Cardiorenal interaction and heart failure outcomes. A role for insulin-like growth factor binding protein 2?

INTRODUCTION AND OBJECTIVES: Preliminary results suggest that high circulating insulin-like growth factor binding protein 2 (IGFBP2) levels are associated with mortality risk in heart failure (HF) patients. As IGFBP2 levels are increased in patients with chronic kidney disease (CKD), which is associated with a higher mortality risk in HF patients, we examined whether IGFBP2 is associated with CKD in HF patients, and whether CKD modifies the prognostic value of this protein in HF patients. METHODS: HF patients (n=686, mean age 66.6 years, 32.7% women) were enrolled and followed up for a median of 3.5 (min-max range: 0.1-6) years.

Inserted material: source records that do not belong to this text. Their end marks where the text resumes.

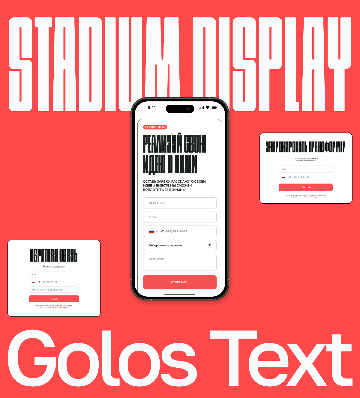 Использовали бесплатный шрифт «Stadium Display» для заголовков. Он отвечает мягкому направлению молодежи в сторону развития за счет скругления и крупной типографики. «Stadium Display» использовали для объяснения информации,а для декоративных описаний и создания настроения использовали шрифт «Anjhay». Для простого описания текста и максимальной читабельности использовали шрифт «Golos Text».
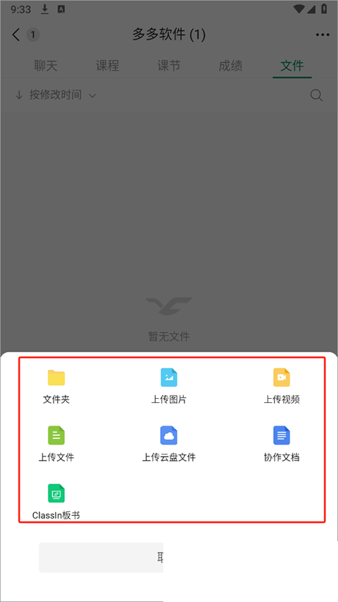 1、此功能仅限班主任使用,在班级中的文件界面内点击右下角+号
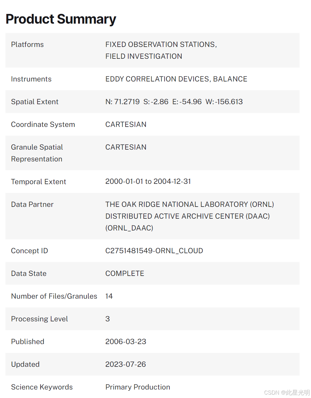 项目背景:来自 MODIS(美国国家航空航天局地球观测系统 (EOS) 卫星 Terra 上的中分辨率成像光谱仪,反射率数据用于生成多种科学产品,包括土地覆盖、叶面积指数 (LAI)、总初级生产力 (GPP) 和净初级生产力 (NPP)。 BigFoot 项目的总体目标是验证这些产品的有效性。为此,BigFoot 项目结合了地面测量数据、高分辨率遥感数据以及生态系统过程模型,在代表不同生物群落的九个通量塔站点开展研究,以评估生态系统特征的时空格局对 MODIS 产品的影响。BigFoot 项目对每个站点二氧化碳通量塔周围 7×7 公里(49 个 MODIS 像素)的区域进行了表征。我们收集了与陆地碳循环相关的生态系统结构和功能特征的多年原位测量数据。我们的采样设计使我们能够考察这些特征的尺度和空间格局、MODIS 产品的年际变化和有效性,并提供了基于实地的通量塔覆盖区域的生态特征描述。BigFoot 项目由 NASA 陆地生态计划资助。

Patients were classified as having CKD with decreased estimated glomerular filtration rate (eGFR <60mL/min/1.73 m2) or as having CKD with nondecreased eGFR (≥ 60mL/min/1.73 m2). Serum IGFBP2 was detected by ELISA. RESULTS: IGFBP2 was increased (P <.001) in CKD patients with decreased eGFR (n=290, 42.3%) compared with patients with nondecreased eGFR. IGFBP2 was directly associated with NT-proBNP (P <.001) and inversely associated with eGFR (P <.001), with both associations being independent of confounding factors. IGFBP2 was directly and independently associated with cardiovascular and all-cause death (P <.001) in the whole group of patients, but showed a stronger association with cardiovascular death in CKD patients with decreased eGFR (P for interaction <.05), improving risk prediction in these patients over clinically relevant risk factors. CONCLUSIONS: Serum IGFBP2 is associated with impaired renal function and prognosticates cardiovascular death in patients with HF and CKD with decreased eGFR. Thus, there is an effect modification of CKD on circulating IGFBP2 and on its association with cardiovascular mortality in HF patients.